WORK TASK:
The copy has to match the data exactly and leave out every picture.

DATA EXCERPT:
____________

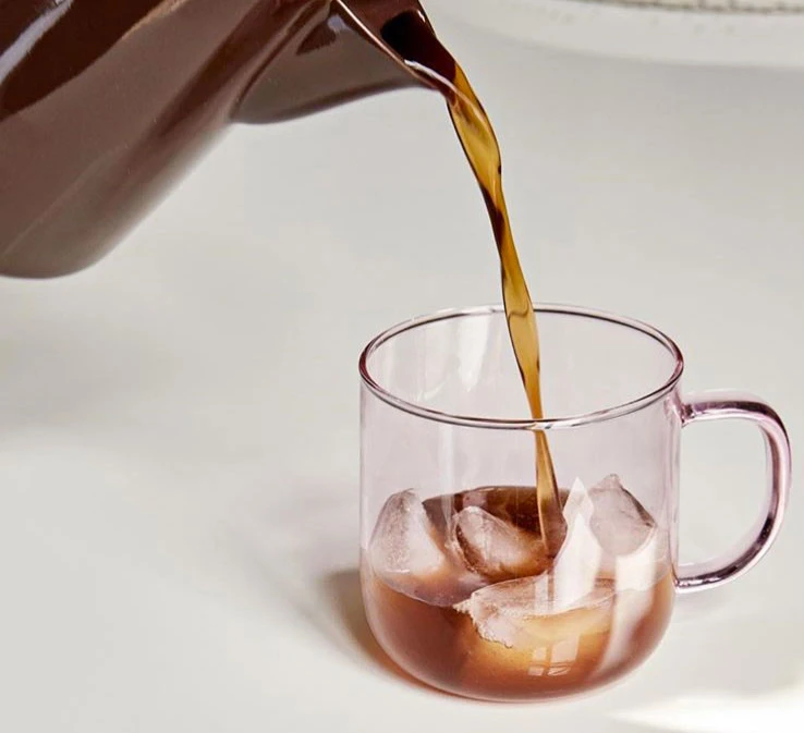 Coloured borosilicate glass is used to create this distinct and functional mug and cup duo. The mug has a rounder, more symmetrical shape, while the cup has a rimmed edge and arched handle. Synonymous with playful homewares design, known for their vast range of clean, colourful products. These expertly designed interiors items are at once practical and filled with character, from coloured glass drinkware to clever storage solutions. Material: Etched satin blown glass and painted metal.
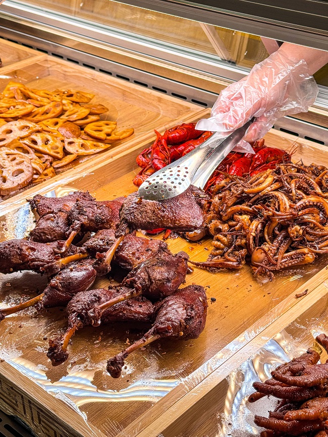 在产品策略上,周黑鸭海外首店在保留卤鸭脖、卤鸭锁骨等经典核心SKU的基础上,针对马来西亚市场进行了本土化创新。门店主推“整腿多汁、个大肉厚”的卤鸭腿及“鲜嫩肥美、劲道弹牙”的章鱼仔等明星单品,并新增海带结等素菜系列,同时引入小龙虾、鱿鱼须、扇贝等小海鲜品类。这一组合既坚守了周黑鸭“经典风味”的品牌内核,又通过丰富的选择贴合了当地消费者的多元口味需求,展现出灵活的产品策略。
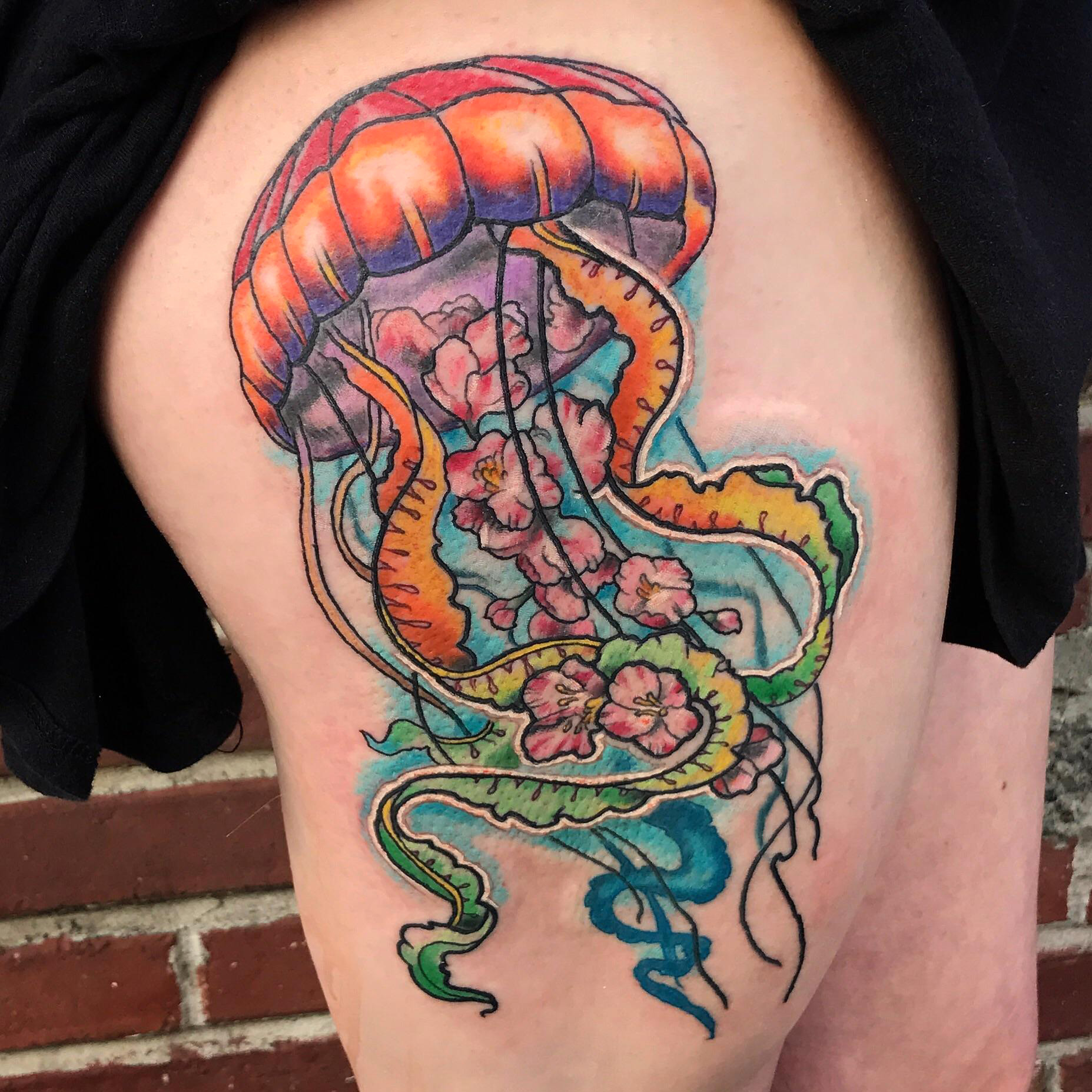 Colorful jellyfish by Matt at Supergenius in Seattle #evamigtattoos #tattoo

____________

FINISHED EXERCISE:
 Coloured borosilicate glass is used to create this distinct and functional mug and cup duo. The mug has a rounder, more symmetrical shape, while the cup has a rimmed edge and arched handle. Synonymous with playful homewares design, known for their vast range of clean, colourful products. These expertly designed interiors items are at once practical and filled with character, from coloured glass drinkware to clever storage solutions. Material: Etched satin blown glass and painted metal.
 在产品策略上,周黑鸭海外首店在保留卤鸭脖、卤鸭锁骨等经典核心SKU的基础上,针对马来西亚市场进行了本土化创新。门店主推“整腿多汁、个大肉厚”的卤鸭腿及“鲜嫩肥美、劲道弹牙”的章鱼仔等明星单品,并新增海带结等素菜系列,同时引入小龙虾、鱿鱼须、扇贝等小海鲜品类。这一组合既坚守了周黑鸭“经典风味”的品牌内核,又通过丰富的选择贴合了当地消费者的多元口味需求,展现出灵活的产品策略。
 Colorful jellyfish by Matt at Supergenius in Seattle #evamigtattoos #tattoo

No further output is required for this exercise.